Friday's technology stories

Making Lidar cheaper
Lidar — the contraption on top of self-driving test vehicles that uses lasers to "see" — costs a ton of money: around $85,000. The full bill for other sensors, cameras, radar etc. required for future hands-off driving can run into the hundreds of thousands of dollars, plus the price of the car itself.
Mike Jellen, president of Velodyne, a key maker of Lidar equipment, claims the price will plummet under $10,000 once self-driving cars are selling in the hundreds of thousands or millions. The issue of Lidar's cost "is all marketing hype for new entrants," Jellen told Axios.
Why it matters: This is part of a technological war over the development of sensors, the winner of which could reap hundreds of billions of dollars in revenue if the world does turn to self-driving vehicles en-masse, as many analysts predict. The losers?
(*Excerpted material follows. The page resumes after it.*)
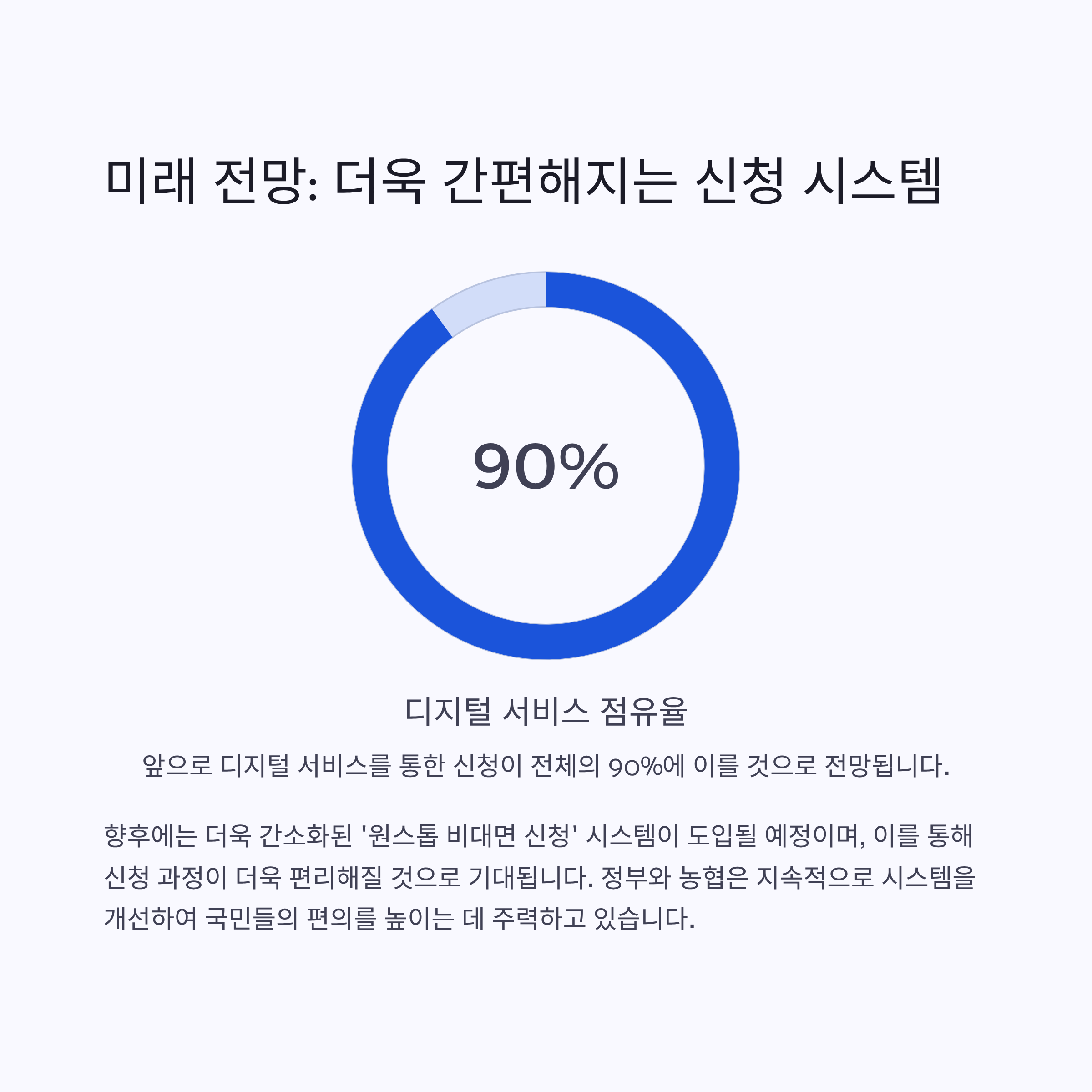 향후에는 디지털 취약계층을 위한 ‘찾아가는 신청 서비스’와 오프라인 창구가 강화될 예정이며, 정부와 농협은 이에 따른 현장 인력을 하반기에 10% 이상 증원할 계획입니다[3]. 디지털 서비스의 시장 점유율이 90%에 이를 전망이며, 앞으로는 더욱 간소화된 ‘원스톱 비대면 신청’ 시스템 도입이 예상됩니다.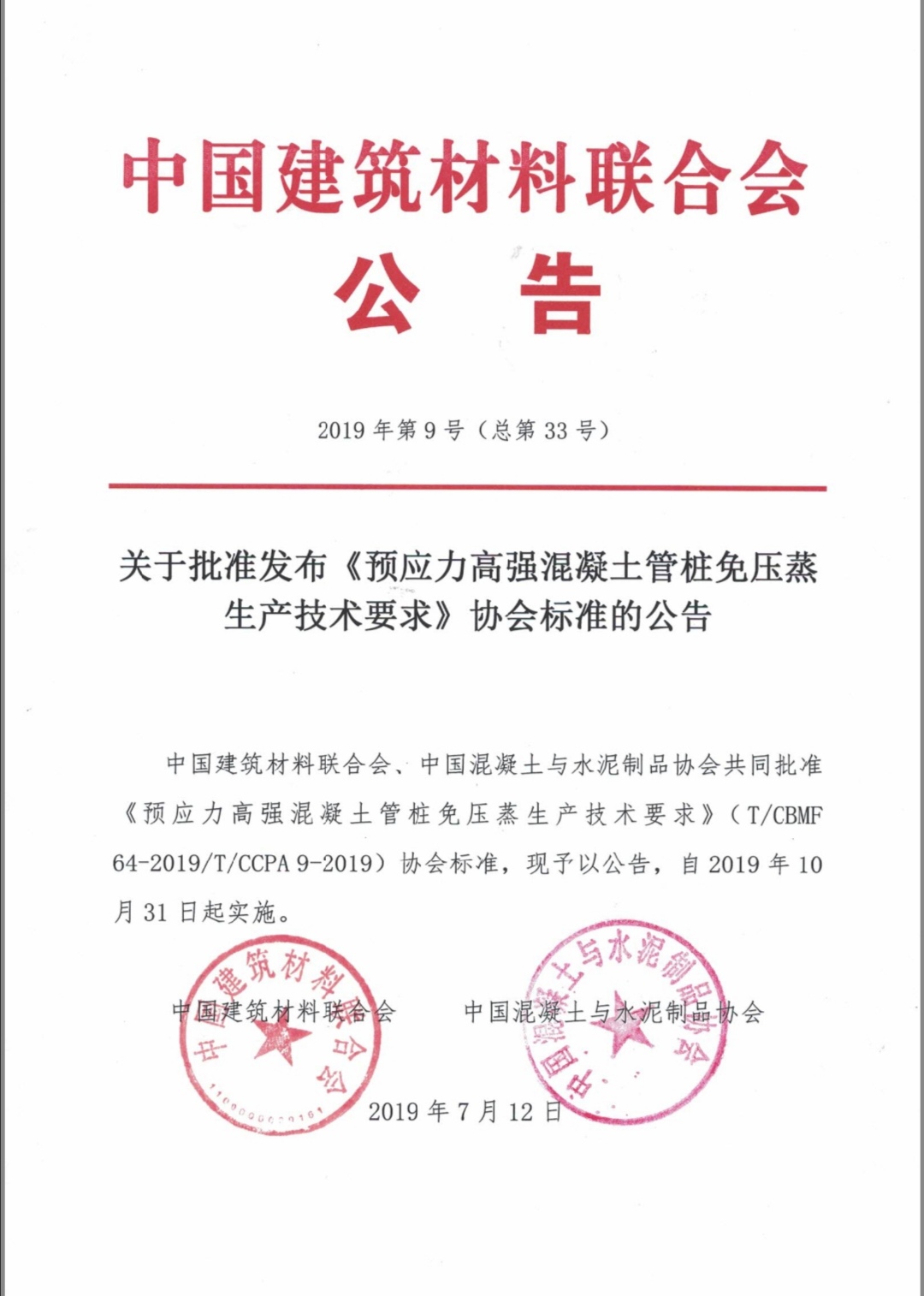 2019年7月12日,中国建筑材料联合会第9号(总第33号)文件“关于批准发布《预应力高强混凝土管桩免压蒸生产技术要求》协会标准的公告”,由嘉兴学院后宫电影院 负责起草的《预应力高强混凝土管桩免压蒸生产技术要求》(T/CBMF 64-2019,T/CCPA 9-2019)团体标准于2019年7月12日发布,将于2019年10月31日实施。

Primarily, the millions of professional truck and taxi drivers around the world who may be shoved out of work.

Intel CEO sees VR sports as a billion dollar business
Intel CEO Brian Krzanich told Axios on Thursday that he sees virtual reality not only changing the face of sports, but also potentially being a multi-billion-dollar business for the chip giant.
"I think it can be a couple billion dollar business" he said in an interview after his appearance at Code Conference. "And the reason is this is a whole new feed... things like advertising, the ability to take that data and sell it... we're the only ones who we believe can produce this stuff."
Intel has made several acquisitions to build its sports VR business, including Replay Technologies and Voke. The result is technology that Krzanich says will let people soon watch live sports broadcasts and choose their own view, focusing on a key player or even watching the game from their point of view. "By 2019, you''ll be able to don on your VR headset and go anywhere on the field... and watch the game with maybe a two-second delay," he said.

Snap's video sunglasses arrive in Europe
Snap's Spectacles are now available in Europe after debuting in the U.S. last November. They'll cost European customers about £130, or €150 (they cost $130 in the U.S.).
Snap's retail strategy for Spectacles has had exclusivity as its goal—after first only selling them via a traveling vending machine, Snap then opened a temporary retail spot in New York City and is finally making them available online.
Where to purchase: Residents of Austria, Belgium, Denmark, Germany, Spain, Finland, France, Ireland, Italy, Netherlands, Norway, Switzerland, Sweden, and the U.K. can order them online through the company's website. Snap's Snapbots, its signature bright yellow Spectacles vending machines, will also travel around Europe.

Waymo is testing a self-driving truck
Waymo confirms it is trying out its technology on a Class 8 Peterbilt semi and testing it on a track in California. The company will start testing the truck's autonomous capabilities on roads in Arizona later this year with a test driver behind the wheel.
BuzzFeed News was the first to report on the test.
Why it matters: Self-driving trucks stand to transform the livelihoods of millions of truck drivers around the country. Uber is testing its own self-driving trucks.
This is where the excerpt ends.